I use and get paid for my nutch expertise.
I have some experience.
I don't just speak for myself but also for some people who use nutch now,
have a commercial interest in nutch and who will contribute money to the
effort.
This money is not a great deal but it could both escalate and become
ongoing.
I sympathize with the people who are (with no offense to any side, if
there really is one) the complainers.
I am grateful to the coders.
I can and do make code improvements to nutch for my own uses that nobody
ever sees.
I have a web interface (sort of), and many other tools that work with nutch,
from maps to communication with nutch via telephone.
I expect to gain from my association with nutch although how I can't really
put my finger on yet.
I wouldn't say that I'm frustrated - I'd describe it more as a feeling of
hope mixed with helplessness and despair.
I think the moment is almost gone.
Im old and scatterbrained and don't spell check or reread before I post.
I will elaborate as soon as I see this on the list - but I don't like to
type until I know what I have to deal with, I have about 3000 emails a day
to sift through and I have so many email addresses I've signed up for that I
never really know whether I'm going to hit the wrong list or something or
whatever.

Greg.


RE: project vitality?

2006-03-05 Thread David Wallace
Hello all,
I think Nutch is a fantastic product.  I used 0.6 initially, then 0.7. 
My 0.7 installation is in production, and mostly works really well.  I
haven't made the move to 0.8 yet, because the direction that Nutch has
gone for 0.8 is quite different from what my organisation requires from
its search engine.
 
I owe Doug and the team a huge thank-you for all the effort they've put
into Nutch.  Well done.
 
However, it's a sad day when someone like Richard Braman gets shot down
in flames for making some fair and valid criticisms of the Nutch
project.  Apart from his statement about Nutch being in proof of
concept stage, I agree with everything Richard has said.  The
documentation DOES leave a fair bit to be desired.  The initial learning
curve CAN be precipitous.  It's easy to get confused with all the
various settings in the XML configuration files and the various
plug-ins.  I can understand that he doesn't feel that he's in a position
to contribute to the documentation base, because he doesn't know all the
answers yet.
 
I think moving everything, including the tutorial, to the Wiki is a
fine idea; provided that we encourage new users to comment on what did
and didn't work for them.  I think we'll find there's a lot of common
ground among their comments.  Long-term readers of the nutch-user
mailing list know that many newbies ask the same questions.  
 
Also, I've lost count of the number of times someone has posted
something to the effect of I'll pay someone to give me Nutch support,
simply because they find the existing documentation and mailing lists
inadequate.  Usually, that person gets told that the best way to get
Nutch support is to ask questions on the mailing list; but since
questions often go unanswered, this isn't a very good way to get Nutch
support at all.
 
All of this is acceptable in a product that hasn't yet reached version
1.0.  The code has moved ahead faster than the documentation; and
that's fine, provided the documentation will eventually catch up. 
Maybe, once 0.8 is deemed production-worthy, the team should down tools,
stop coding, and put some effort into really producing a really lovely
set of documentation, including a comprehensive FAQ.  I believe that
this will help grow the user base, faster than adding new features ever
could.
 
So in summary, well done to the Nutch team for this great product. 
Well done to Richard Braman for pointing out what could be done.  And
let's all not flame people whose opinions differ from our own.
 
David.


This email may contain legally privileged information and is intended only for 
the addressee.

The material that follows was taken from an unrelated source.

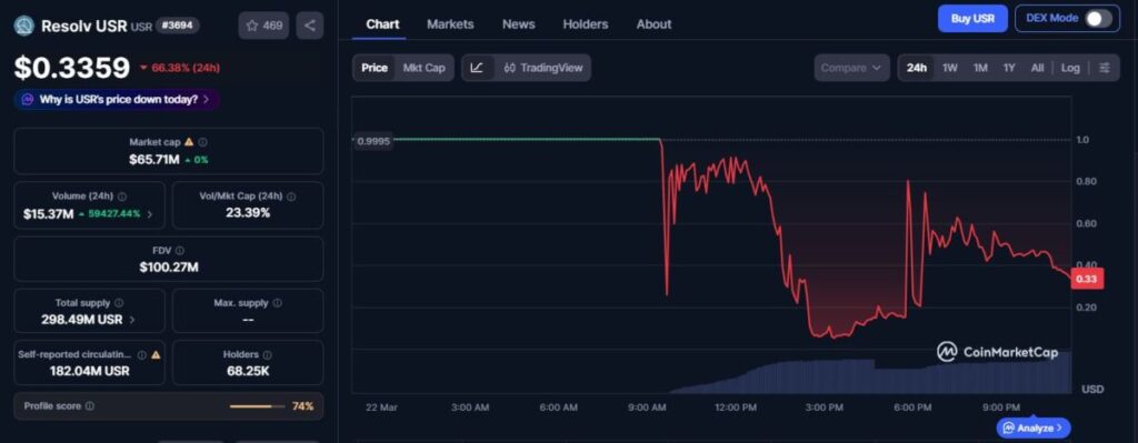 Stablecoin USR milik Resolv mengalami tekanan besar setelah kehilangan patokannya terhadap dolar AS dan sempat turun hingga sekitar US$0,14. Meski sempat rebound ke kisaran US$0,42, guncangan ini tetap memicu kekhawatiran di market karena depeg terjadi sangat dalam dan berlangsung cepat.

It is not necessarily the official view or 
communication of the New Zealand Qualifications Authority. If you are not the 
intended recipient you must not use, disclose, copy or distribute this email or 
information in it. If you have received this email in error, please contact the 
sender immediately. NZQA does not accept any liability for changes made to this 
email or attachments after sending by NZQA.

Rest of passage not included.